“Then Job . . . fell to the ground and worshiped. He said, ‘Naked I came from my mother’s womb, and naked I shall return there. The Lord gave and the Lord has taken away. Blessed be the name of the Lord.’” (Job 1:20-21 NASB)
When I consider the magnitude of grief that Job was experiencing as accounted in this portion of Scripture – a magnitude which I have never known and can scarcely even wrap my head around – I am awe struck at his response and the insane level of faith he displays after he loses his family, his livelihood, and his health, even when he knows that the God whom he had served so faithfully was orchestrating all of it.

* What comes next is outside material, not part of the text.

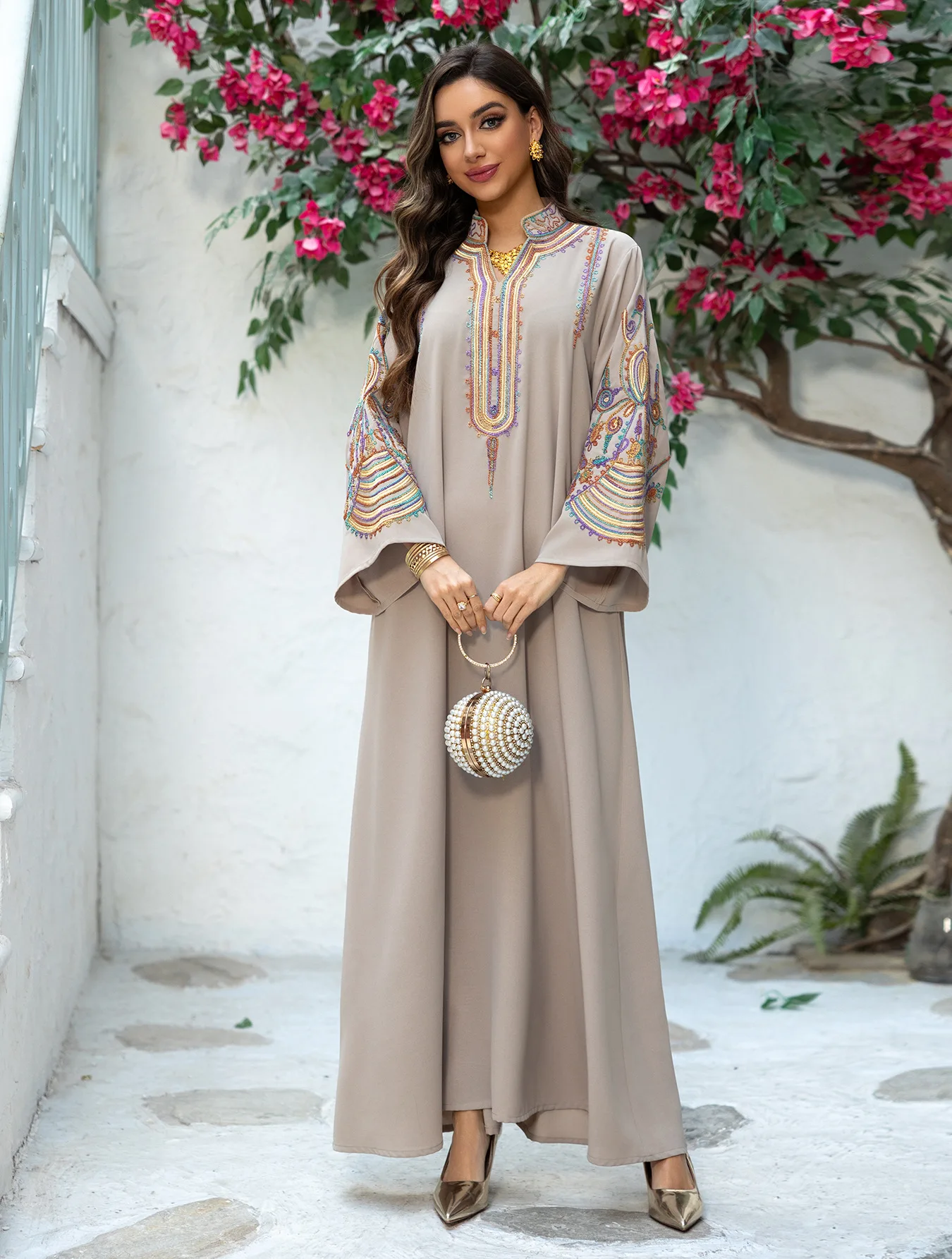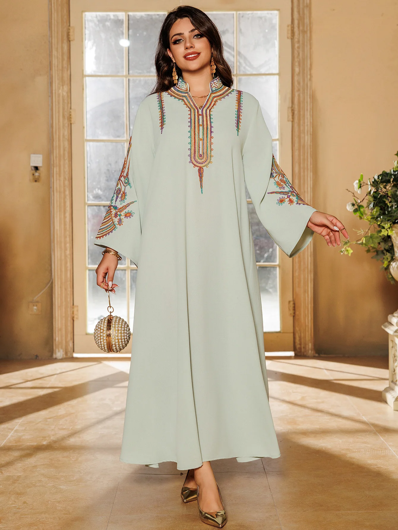 Wholesale Abaya 2025 Embroidered Traditional Muslim Clothing Stand Collar Women's Kaftan for Women

Many people skim right past the first two chapters of this book and head straight for the last few chapters where the Lord humbles Job and then later restores his fortune twofold; but I cannot get over the fact that even in the midst of fresh devastation, Job “arose and tore his robe and shaved his head and fell on the ground and worshiped” (Job 1:20 NASB, emphasis mine). He did not curse the Lord – even when urged to do so by his own wife – but instead he answered her most profoundly, “Shall we indeed accept good from God and not accept adversity?” (2:9-10).

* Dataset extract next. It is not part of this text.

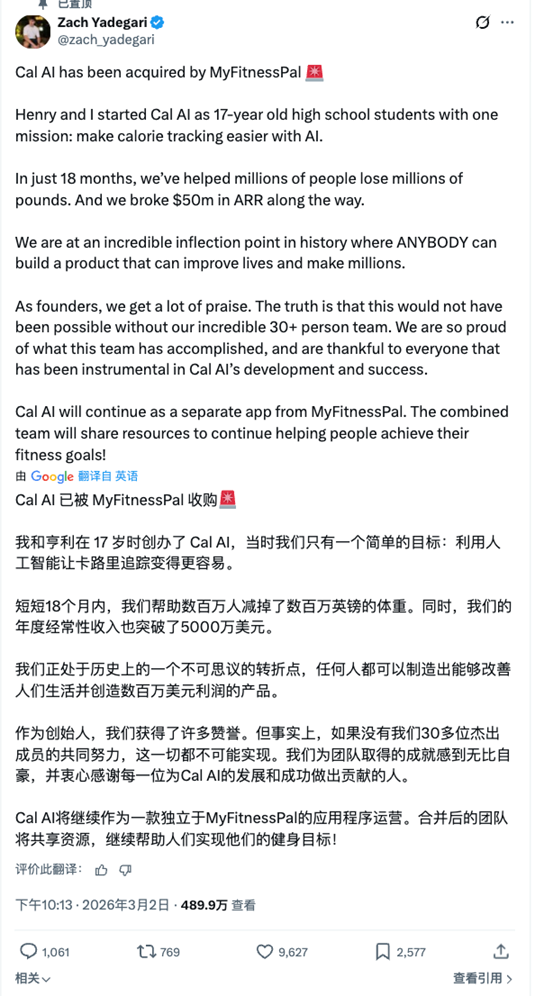 CalAI,这个由高中生 Zach Yadegari 发起的创业项目也迎来阶段性的结局,收购后,产品仍将独立运营,Zach Yadegari 在内 7 名成员均将加入 MyFitnessPal。(可参见我们的置顶文章《17 岁高中生做 AI App,不到 4 个月入账百万美元,独立开发者迎来春天?》)

It’s sad how easily we are pulled into the mindset that the base principle of our faith is to take little steps toward God and expect Him to turn around and reward us with health, wealth, and comfort as though it is somehow our due; because we would be very hesitant to think that way if we knew just how depraved we are at the depths of our hearts and minds. Heaven forbid we believe the lie that God owes us anything at all, let alone every good that may be available to us through His power.

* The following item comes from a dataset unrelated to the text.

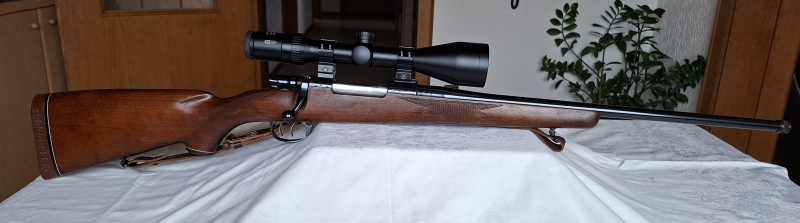 Der Repetierer hat deutschen Stecher, Gummischaftkappe, Klappdeckelmagazin, Backe, Gewinde 15/1 für Schalldämpfer, Lederriemen und Putzschnur. Das ZF ist mit LP und Aufschubmontage alles im guten Zustand, paar kleine kaum sichtbare Kratzer im Schaftholz.

When we encounter adversity our first instinct may be to either fight or flee, but I challenge the both of us to follow the example of Job – humbly bowing down under our grief before a sovereign God, relying on His perfect knowledge and goodness to orchestrate our every circumstance for the revelation of His glory. All is grace upon grace upon grace, even our deepest suffering.
Father, I am thankful that You are completely sovereign over my circumstances. I’m so sorry for not always trusting that You are good and loving, especially when things aren’t working out according to my preferences. Help me to be more like Job in times of affliction. Remind me of Your grace and reveal to me Your glory, in the name of Jesus.
When was the last time you experienced loss and devastation? Did you praise the Lord or become bitter toward Him? God cares about our grief (regardless of the magnitude of it) and deserves our trust in any circumstance. Meditate on 1 Peter 1:6-9.